对数据传输作业故障进行故障诊断
如果数据传输作业执行失败,那么需要传输作业正在传输的文件的作业将被 LSF终止。
使用 bjobs -l 命令可查看有关作业的以下信息:
- 作业退出,代码为 125。
- TERM_DATA 作业出口原因。
- 发布到作业的外部消息。
例如,针对作业 126 的数据登台传输作业失败,该作业已提交数据需求:
bjobs -l 126
Job <126>, User <user1>, Project <default>, Status <EXIT>, Queue <normal>, Comm
and <my_data_job.sh>
Wed Sep 3 14:33:12: Submitted from host <hostA>, CWD </scratch/dev4/user1/wo
rkspace/datajobs>, Data Requirement Requested;
Wed Sep 3 14:33:26: Exited with exit code 125.

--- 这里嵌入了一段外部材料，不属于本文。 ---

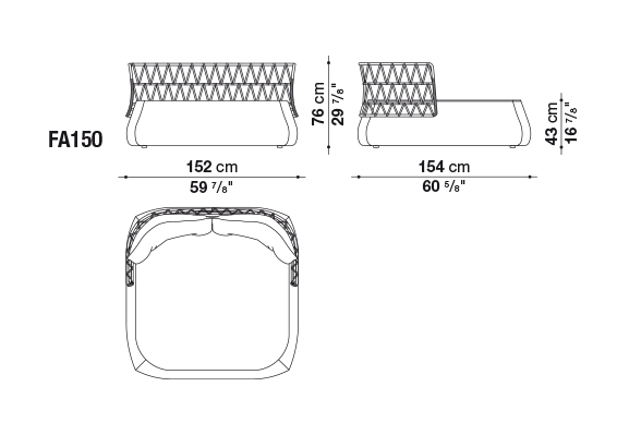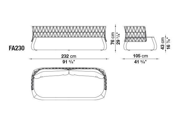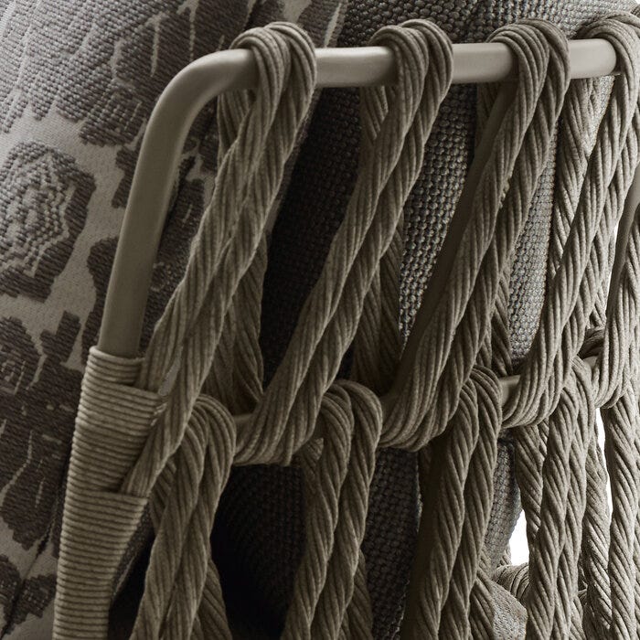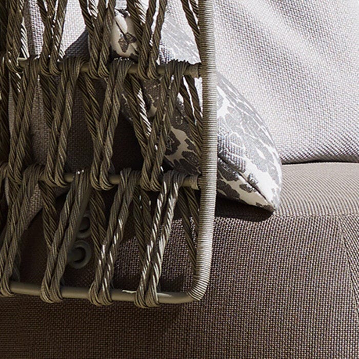 Fat-Sofa 户外系列以其圆润、柔软和曲折的形状而引人注目,与同名室内系统的特点相呼应。其全填充座椅配有一个背面,配有金属框架,支持原始编织,由鸽子灰色扭曲的聚乙烯纤维制成。一种具有图形效果和宏观尺寸的技术,使设计独一无二,尊重设计师的轻盈和透明性理念,并将家具与周围环境进行公开的"对话"。Fat-Sofa 户外系列包括两种尺寸的在线沙发和一个大的休闲座椅。该系列还配有扶手椅,两个高度的靠背和不同大小的脚凳。
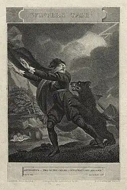An 1807 print of Act III, Scene iii: Exit Antigonus chased by a bear.

Wed Sep 3 14:33:26: Completed <exit>; TERM_DATA: job killed by LSF due to fail
ed data staging.
SCHEDULING PARAMETERS:
r15s r1m r15m ut pg io ls it tmp swp mem
loadSched - - - - - - - - - - -
loadStop - - - - - - - - - - -
EXTERNAL MESSAGES:
MSG_ID FROM POST_TIME MESSAGE ATTACHMENT
0 root Sep 3 14:33 Staging failed for <hostA:/home/u N
RESOURCE REQUIREMENT DETAILS:
Combined: select[type == local] order[r15s:pg]
Effective: -
由于 bjobs -l 命令仅显示外部消息的第一行,因此请使用 bread 命令来读取完整的外部消息:
bread 126
JOBID MSG_ID FROM POST_TIME DESCRIPTION
126 0 root Sep 3 14:33 Staging failed for <hostA:/home
/user1/data2> : transfer job <127
@dq9.1.2> through </home/user1/my
scp> exited; TERM_OWNER: job kill
ed by owner.